On January 13, 2022, Lueke signed with the Algodoneros de Unión Laguna of the Mexican League for the 2022 season. The Algodoneros released Lueke on September 23. He finished with the second-most saves in the league for the season, with 22. In August, Lueke informed Algodoneros general manager Francisco "Chipper" Méndez that he would retire following the winter league season of the Mexican Pacific League. Lueke signed with the Charros de Jalisco on August 2. He also pitched for Jalisco in the 2023–24 season.

==Legal history==
While in the Rangers organization, Lueke was arrested in April 2009 in Bakersfield, California, following a May 2008 incident and charged with committing rape and non-consensual sodomy. During the investigation, Lueke lied to the police by denying he had sexual contact with the victim, a claim proven false by DNA testing. He pleaded no contest to lesser charges of false imprisonment with violence and was sentenced to 42 days in jail, time served prior to making bail. An additional 20 days were discounted due to good behavior, and Lueke received three years of felony probation.

After Lueke was traded to Seattle, Mariners president Chuck Armstrong denied having any knowledge of Lueke's criminal past, and stated if he had known, he would have stopped the deal with Texas.
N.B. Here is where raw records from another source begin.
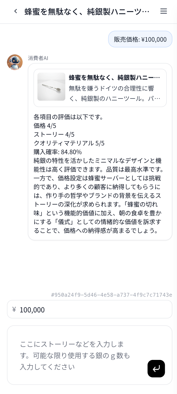 今回の主役は「海外消費者AI」機能。AIが生成した商品のデザインや価格について、「海外の富裕層から見てどう映るか?」を評価し、具体的なフィードバックと国別の購入確率を算出します。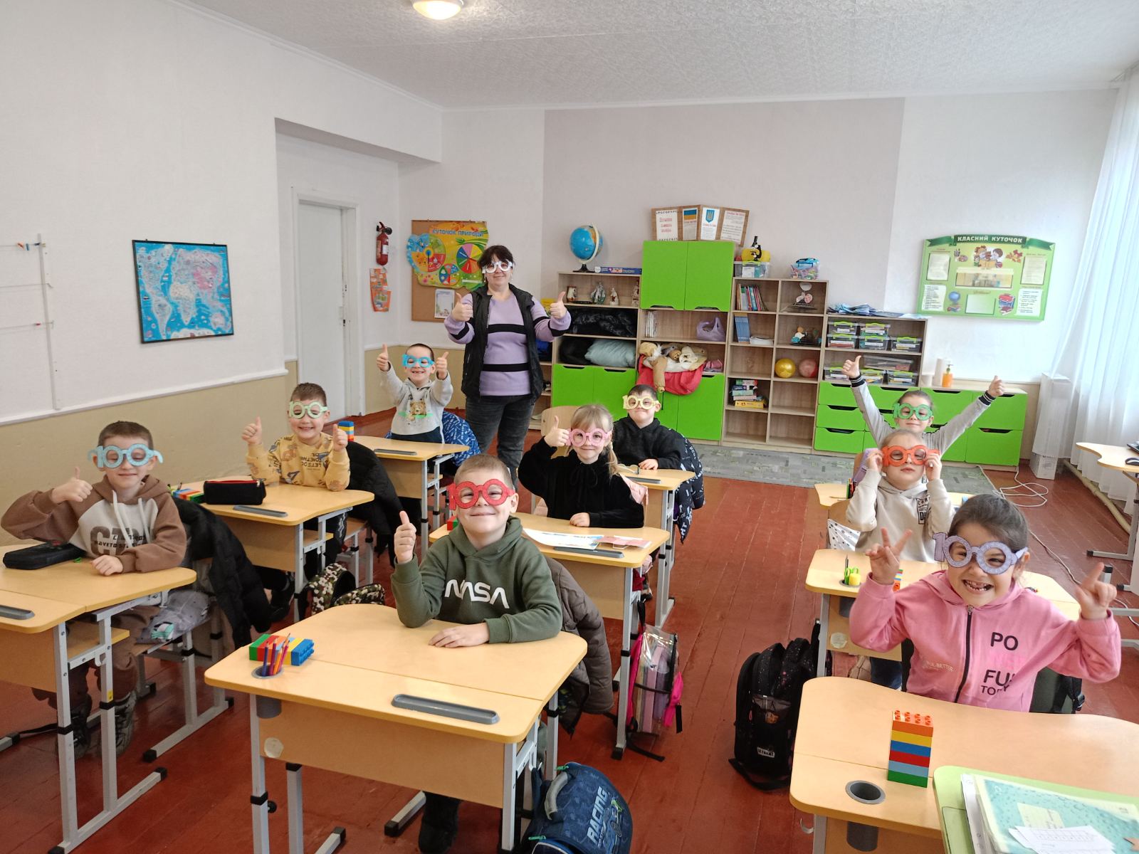 Цей день був сповнений дитячого сміху та незабутніх емоцій. Учні активно грали в розвиваючі ігри, із захопленням відповідали на цікаві запитання вікторини та фотографувалися в кумедних окулярах. Кожен момент був особливим!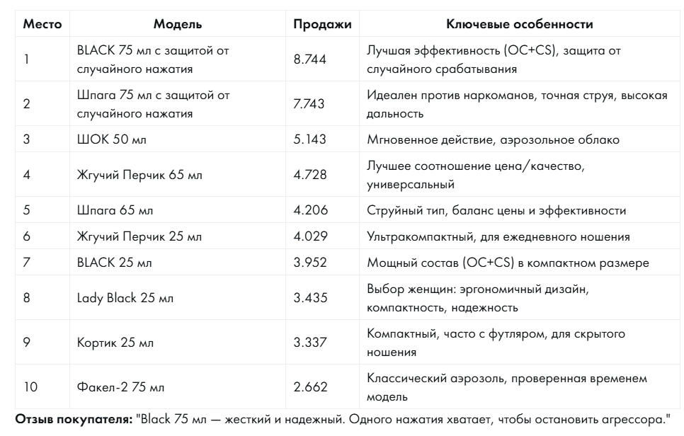 Реальные данные продаж, экспертные сравнения и ответ на главный вопрос: какой лучше купить перцовый баллончик для самообороны.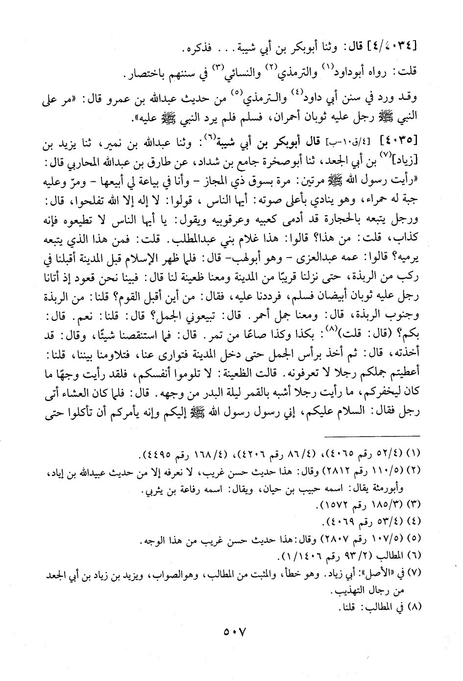 4035 -[4/ ق 10-ب] قَالَ أَبُو بَكْرِ بْنُ أَبِي شَيْبَةَ: وَثَنَا عَبْدُ اللَّهِ بْنُ نُمَيْرٍ، ثنا يَزِيدُ بْنُ [زِيَادِ] بْنِ أَبِي الْجَعْدِ، ثنا أَبُو صَخْرَةَ جَامِعُ بْنُ شَدَّادٍ، عَنْ طَارِقِ بْنِ عَبْدِ اللَّهِ الْمُحَارِبِي قَالَ: "رَأَيْتُ رَسُولَ اللَّهِ - صَلَّى اللَّهُ عَلَيْهِ وَسَلَّمَ - مَرَّتَيْنِ: مَرَّةً بِسُوقِ ذِي الْمُجَازِ -وَأَنَا في بياعة لي أبيعها- ومرّ وَعَلَيْهِ جُبَّةٌ لَهُ حَمْرَاءُ، وَهُوَ يُنَادِي بِأَعْلَى صَوْتِهِ: أَيُهَّا النَّاسُ، قُولُوا: لَا إِلَهَ إِلَّا اللَّهُ تُفْلِحُوا، قَالَ: وَرَجُلٌ يَتْبَعُهُ بِالْحِجَارَةِ قَدْ أَدْمَى كعبيه وعرقوبيه ويقول: يَا أَيُّهَا النَّاسُ لَا تُطِيعُوهُ فَإِنَّهُ كَذَّابٌ، قُلْتُ: مَنْ هَذَا؟ قَالُوا: هَذَا غُلَامُ بَنِي عَبْدِ الْمُطَّلِبِ. قُلْتُ: فَمَنْ هَذَا الَّذِي يَتْبَعُهُ يَرْمِيهِ؟ قَالُوا: عَمُّهُ عَبْدُ الْعُزَّى -وَهُوَ أَبُو لَهَبٍ- قَالَ: فَلَمَّا ظَهَرَ الْإِسْلَامُ قِبَلَ الْمَدِينَةِ أَقْبَلَنْا فِي رَكْبٍ مِنَ الرَّبَذَةِ، حَتَّى نَزَلْنَا قَرِيبًا مِنَ الْمَدِينَةِ وَمَعَنَا ظَعِينَةٌ لَنَا قَالَ: فَبَيْنَا نَحْنُ قُعُودٌ إِذَ أَتَانَا رَجُلٌ عَلَيْهِ ثَوْبَانِ أَبْيَضَانِ فَسَلَّمَ، فَرَدَدْنَا عَلَيْهِ، فَقَالَ: مِنْ أَيْنَ أَقْبَلَ الْقَوْمُ؟ قُلْنَا: مِنَ الربذة وجنوب الرَّبَذَةِ، قَالَ: وَمَعَنَا جَمَلٌ أَحْمَرُ. قَالَ: تَبِيعُونِي الْجَمَلَ؟ قَالَ: قُلْنَا: نَعَمْ. قَالَ: بِكَمْ؟ (قَالَ: قُلْتُ) : بِكَذَا وَكَذَا صَاعًا مِنْ تَمْرٍ. قَالَ: فَمَا اسْتَنْقَصَنَا شَيْئًا، وَقَالَ: قَدْ أَخَذْتُهُ، قَالَ: ثُمَّ أَخَذَ بِرَأْسِ الْجَمَلِ حَتَّى دَخَلَ الْمَدِينَةَ فَتَوَارَى عَنَّا، فَتَلَاوَمْنَا بَيْنَنَا، قُلْنَا: أَعَطَيْتُمْ جَمَلَكُمْ رَجُلًا لَا تَعْرِفُونَهُ. قَالَتِ الظَّعِينَةُ: لَا تَلُومُوا أَنْفُسَكُمْ، فَلَقَدْ رَأَيْتُ وَجْهًا مَا كَانَ لِيَخْفِرَكُمْ، مَا رَأَيْتُ رَجُلًا أَشْبَهُ بِالْقَمَرِ لَيْلَةَ الْبَدْرِ مِنْ وَجْهِهِ. قَالَ: فَلَمَّا كَانَ الْعَشَاءُ أَتَى رَجُلٌ فَقَالَ: السَّلَامُ عَلَيْكُمْ، إِنِّي رَسُولُ رَسُولِ اللَّهِ - صَلَّى اللَّهُ عَلَيْهِ وَسَلَّمَ - إِلَيْكُمْ وَإِنَّهُ يَأْمُرُكُمْ أَنْ تَأْكُلُوا حَتَّى
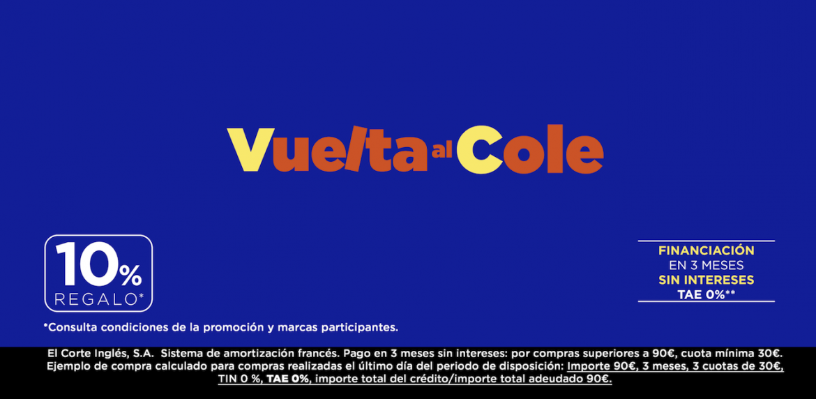El Corte Inglés lanza su campaña “Vuelta el Cole” con grandes descuentos en todos los artículos necesarios para comenzar el curso escolar, con más financiación y facilidades que nunca para las familias. Mochilas, chándales, uniformes, material escolar, libros de texto, zapatos, abrigos, zapatería deportiva, moda infantil, etc… forman parte de la propuesta comercial que la compañía ha lanzado este año para comenzar el cole muy bien equipado.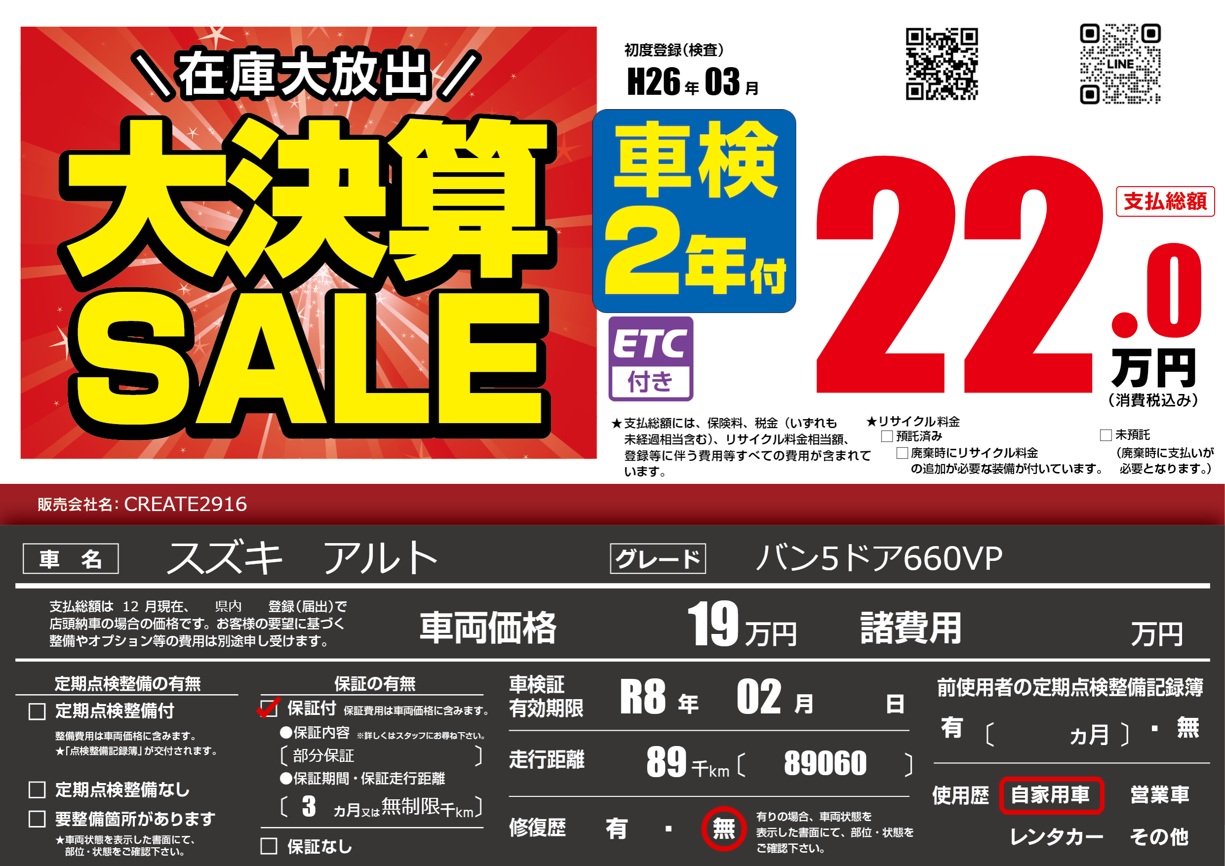 | 車検制限 | R8年 02月 - 日 | ||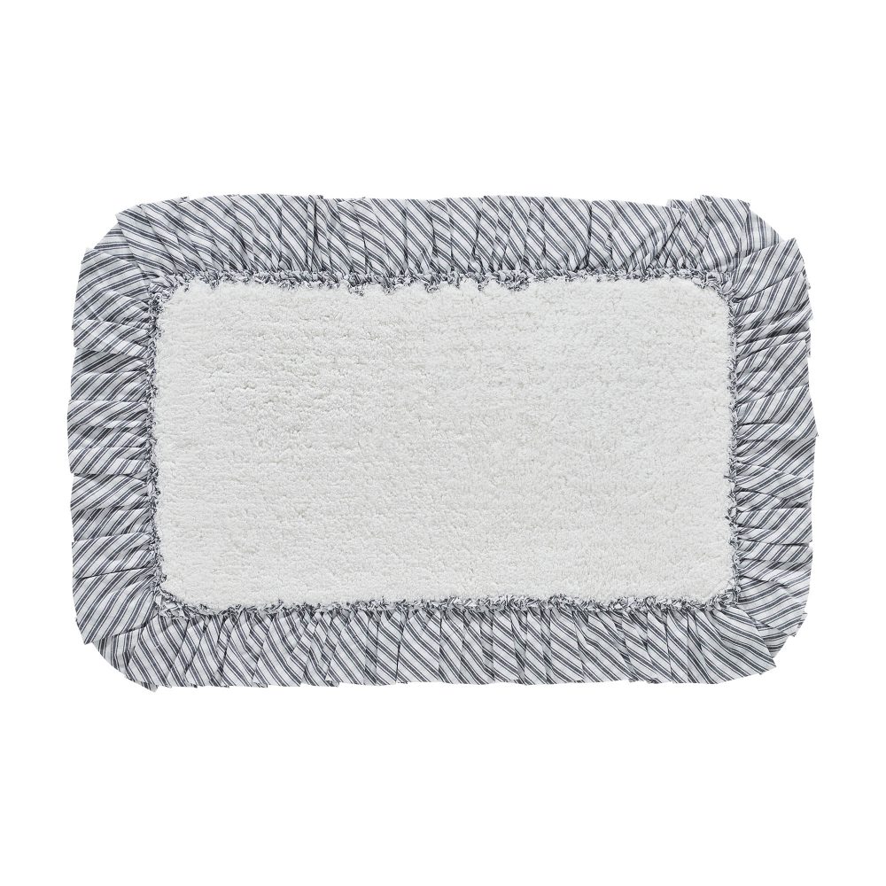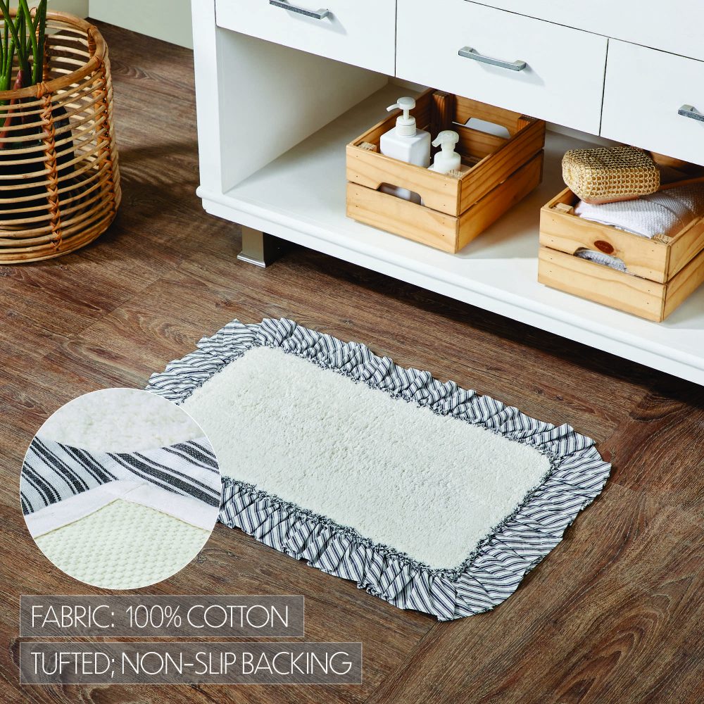 Step out of the shower and into cozy country farmhouse bliss. The Sawyer Mill Black Bath Mat 20x30 features a solid creme core in premium, ultra absorbent cotton. It is trimmed with a ruffled striped fabric in country black and soft white. Backed with textured rubber to produce a quality, non-slip surface without the need for a separate rug pad. This ruffled bath mat is a great finishing piece for bathrooms or laundry rooms where you need the perfect balance of style and functionality.

Up to that point, the Mariners organization had a long history of supporting groups who oppose violence against women, running a campaign called "Refuse to Abuse" and had previously suspended and traded reliever Julio Mateo, who was accused of beating his wife. After an interview with Lueke, Mariners general manager (GM) Jack Zduriencik reported that he was "satisfied with the interview and it's an issue that's behind us." Mariners pitching coach Rick Adair later told reporters that he had informed Zduriencik of Lueke's legal troubles, and that Rangers GM Jon Daniels had made a standing offer to take Lueke back on the night of the trade. Adair had been the Rangers minor league pitching coordinator in 2008, when Lueke was charged.

At the end of his probation, Lueke said the incident was a "freak accident kind of thing" and that he did not worry about what other people would think. During his tenure in MLB, some people regularly posted about Lueke's arrest on social media when he pitched.